11. 动态debug打印, pr_debug要打开CONFIG_DYNAMIC_DEBUG
#不打开这个选项, pr_debug根本就不会编译
CONFIG_DYNAMIC_DEBUG=y
#打开以后, 用下面的语法
echo 8 > /proc/sys/kernel/printk
echo 'file kernel/module.c +p' > /sys/kernel/debug/dynamic_debug/control
insmod mymodule.ko
#文档 Documentation/dynamic-debug-howto.txt
#例子, +p是说打开pr_debug, +f是打印函数名, +l行号, +m是模块名, +t是线程id, flag可以连用
echo -n 'file svcsock.c line 1603 +p' > <debugfs>/dynamic_debug/control
echo -n 'module nfsd +p' >
echo -n 'func svc_process +p' >
#打开所有debug消息
echo -n '+p' > <debugfs>/dynamic_debug/control
#打印模块名和函数名
echo -n '+mf' > <debugfs>/dynamic_debug/control
#启动的时候, 用下面的形式: QUERY符合上述语法
dyndbg="QUERY", module.dyndbg="QUERY"
dyndbg="file ec.c +p"
#比如在cmdline加
dyndbg="func cvmx_nand_page_write +p; func ubi_io_write +p"

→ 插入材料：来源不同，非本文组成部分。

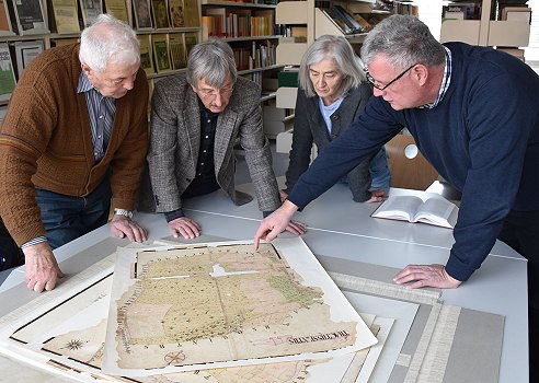 Große Flurkarten aus dem 18. Jahrhundert vervollständigen Ortsarchiv  Sehr interessiert: v. l.: Georg Herbert Ihrig, Klaus Weber, Anja Hering und Thomas Ihrig schauen sich im Kreisarchiv des Odenwaldkreises die Schöllenbacher Flurkarten aus dem 18. Jahrhundert an. Solange die Karten im Ortsarchiv in Hesselbach nicht fachgerecht gelagert werden konnten, wurden sie im Kreisarchiv aufbewahrt. (Foto Stefan Toepfer/Kreisverwaltung)(bro) (stt) Johann Wilhelm Grimm muss ein ziemlich dickes Fell gehabt haben, damals im Odenwald. Zahlungsunwillige Gemeinden, aufmüpfige Bürger oder unzuverlässige Mitarbeiter machten dem Landvermesser mitunter arg zu schaffen. Mehrfach musste er sich bei der Regierung des Hauses Erbach-Fürstenau beschweren, in dessen Auftrag er Flurkarten erstellte, die der Obrigkeit bei einer gerechten Besteuerung helfen und Eigentumsfragen klären sollten. Von 1749 bis 1757 war Grimm unterwegs und hat von zahlreichen Odenwälder Kommunen Karten angefertigt. Zum Beispiel von Schöllenbach, wo er seine Arbeit 1754 beendete.

dyndbg="func cvmx_nand_page_write line 1877-1878 +p; func ubi_io_write +pf"
include/linux/printk.h
bootoctlinux $(loadaddr) 'coremask=0x0f ctxt=OSW isamversion=ZAM8AA62.990, prozone=0x4000000,0x80000000 logbuffer=uboot,0x20000,0x7be00000 bpsflag=0x4,0x7be20000 bpcommit=0,0x140000,0x160000 mtdparts=octeon_nand0:0x8000000@0x0(recovery),-@0x8000000(nand);octeon_nand1:0x40000000@0x0(nand1);bootflash:0x20000@0x140000(statusA),0x20000@0x160000(statusB),0x140000@0x180000(bootA),0x140000@0x2c0000(bootB),0x1900000@0x400000(linuxA),0x1900000@0x1d00000(linuxB),0x20000@0x120000(preferred_oswp),0x80000@0x3600000(management_a),0x80000@0x3680000(management_b),0x120000@0x0(bps) linux_fit_image=0x1e00000,0x7a000000 unpreferred_oswp=0 console=ttyS1,115200 config_overlay=reboot=0 loglevel=8 debug ignore_loglevel dyndbg="func cvmx_nand_page_write +p; func ubi_io_write +p" '
12. cmd line传kernel module的参数
#insmod
insmod my_module param=value
#cmdline
vmlinux ... my_module.param=value ...
#module_name.para=xxx
#octeon-nand.debug=1
setenv kernel_extra_args config_overlay=reboot=0 loglevel=8 debug ignore_loglevel octeon-nand.debug=1
13. 关于模块的符号
模块可以用kernel或者其他模块export出来的符号
在引用其他模块的符号时, 要先加载被依赖的ko
比如mymodule2.ko用了mymodule1.ko的print_hello()函数, 如果单独加载mymodule2.ko时
$ sudo insmod mymodule2.ko
insmod: ERROR: could not insert module mymodule2.ko: Unknown symbol in module
rishi@rishi-VirtualBox:~/mydev/publications/lkw/doc/code/04_exporting_symbols/exporting_symbols$ dmesg
[15588.009164] mymodule2: Unknown symbol add_two_numbers (err 0)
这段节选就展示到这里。